About one-fourth of the state’s gas stations are out of fuel, and the number is expected to rise.
Gas shortages have already begun in Florida as Hurricane Milton approaches the state generating up to 145 mph winds.
By Wednesday at 2:43 p.m., more than 24 percent of Florida’s 7,915 gas stations are out of fuel, according to fuel-tracker
data provided by GasBuddy. That’s about 1,900 stations.
The National Hurricane Center said the Category 4 hurricane is “growing in size as it moves closer to the west coast of Florida,” delivering “life-threatening storm surge, damaging winds, and flooding rains” to be expected throughout the state. The hurricane was downgraded from a Category 5 on Tuesday.
Florida Gov. Ron DeSantis said in a
press conference on Wednesday that the state has “considerable fuel reserves ahead of Milton,” and that they would be “utilized as needed following the storm.”

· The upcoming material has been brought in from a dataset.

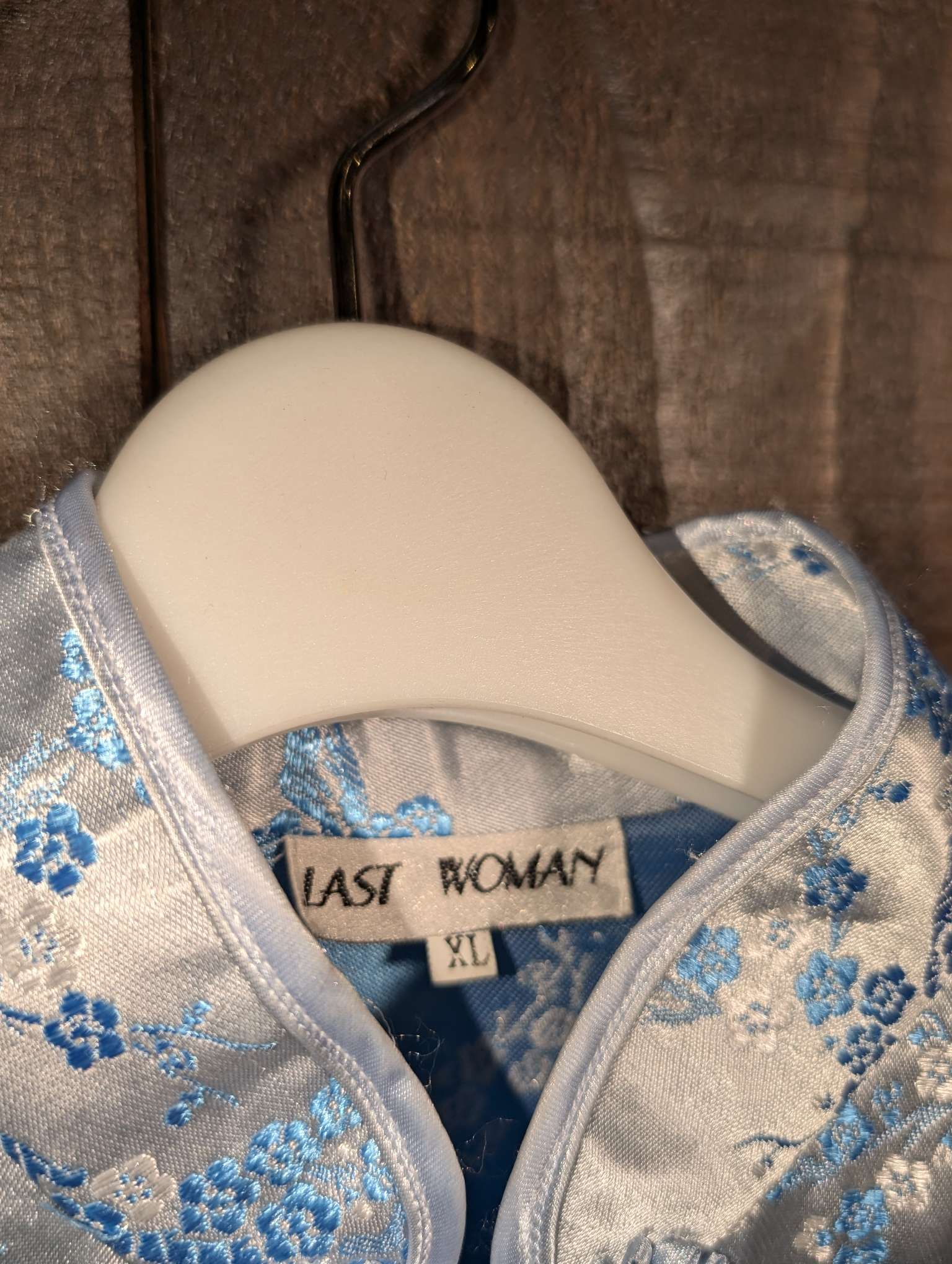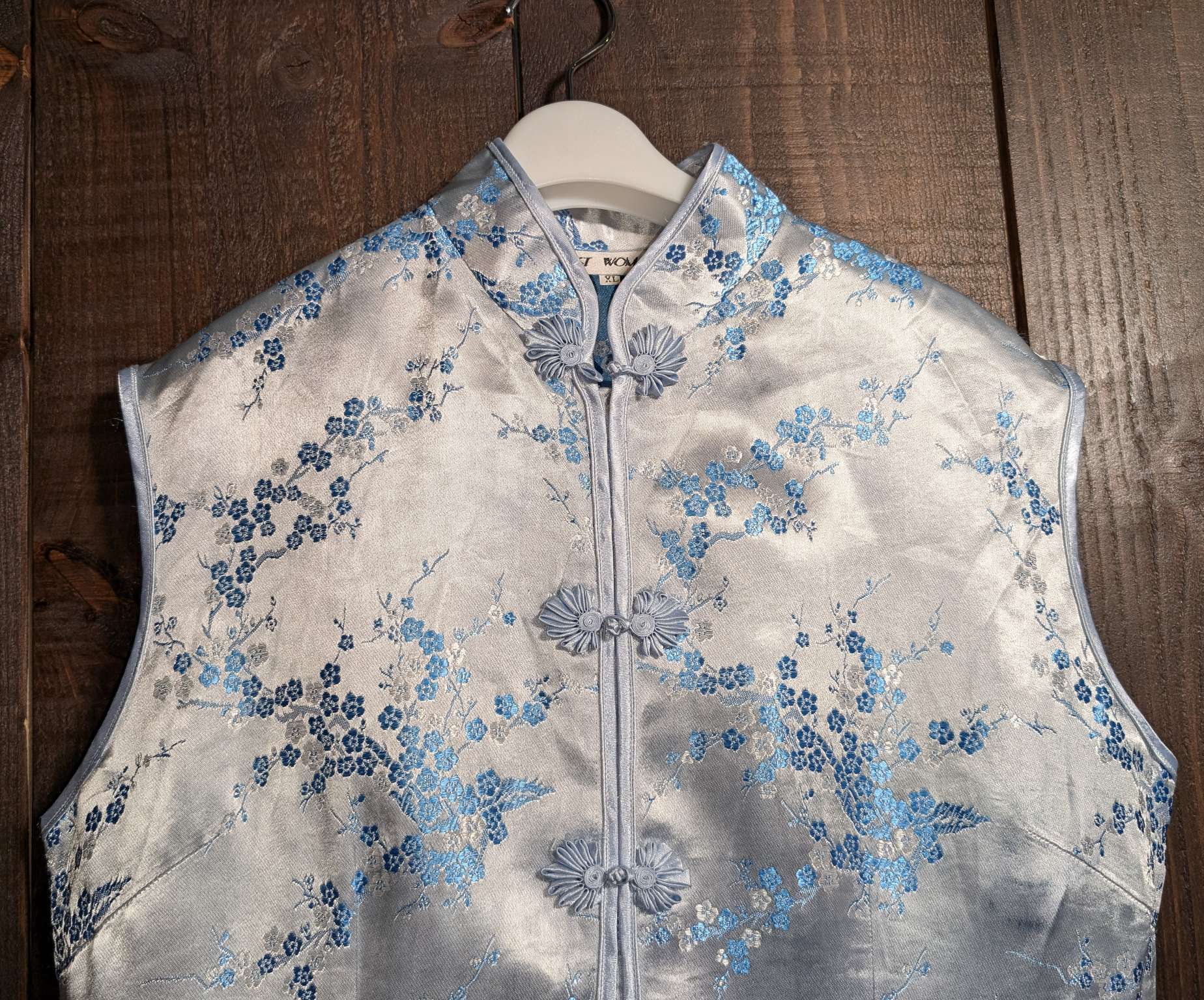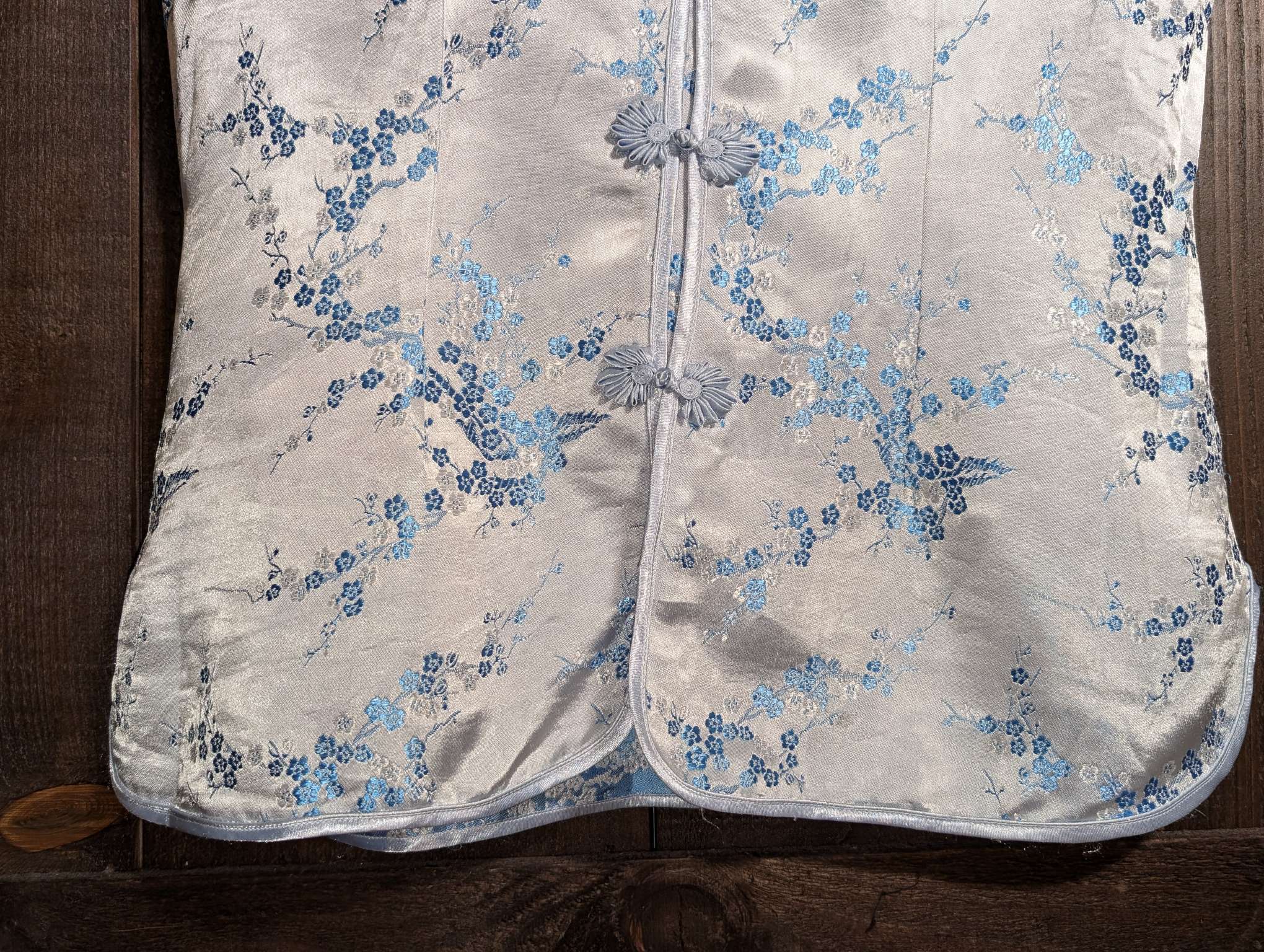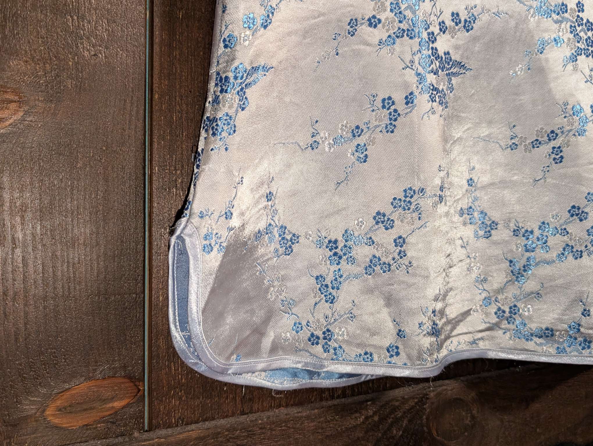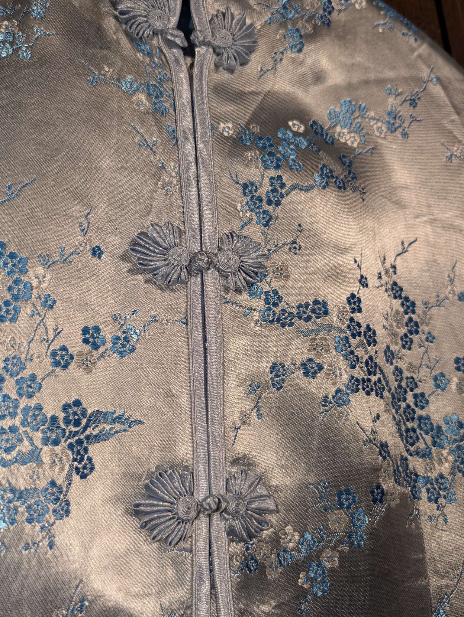 ツルツルとしたシルク素材でサラッと軽やか。淡いブルーに細かいお花のテキスタイルが上品な雰囲気◎ゆったりと大きなサイズ感でタイトになりにくいので前を閉めてきてもコスプレ感が多くなくより馴染みやすいかと。

“We’ve already dispatched a lot of fuel in the lead-up to this, but we still have on hand 1.6 million gallons of diesel and 1.1 million gallons of gasoline,” he said.
As it stands, there’s no fuel shortage, he said.
“However, demand has been extraordinarily high, and some gas stations have run out,” he said. “To be able to help ameliorate that, the Florida Highway Patrol has facilitated 106 long-distance fuel tanker escorts with sirens getting through traffic totaling almost a million gallons of gasoline from ports in Tampa, Jacksonville, Everglades, and Manatee, and they are continuing with the fuel escorts as we speak.”
The U.S. Energy Information Administration (EIA) said the hurricane will likely disrupt critical infrastructure such as fuel terminals and power plants.
Florida, which has no refineries or gasoline pipelines, is supplied by delivery trucks or ships from domestic and international sources, the EIA said.
The U.S. Coast Guard reported the closure of several ports in Florida, the EIA said. “Inbound and outbound vessel traffic to Port Tampa Bay, where over 17 million tons of petroleum- and natural gas-related products move through in a typical year, has ceased,” the EIA said.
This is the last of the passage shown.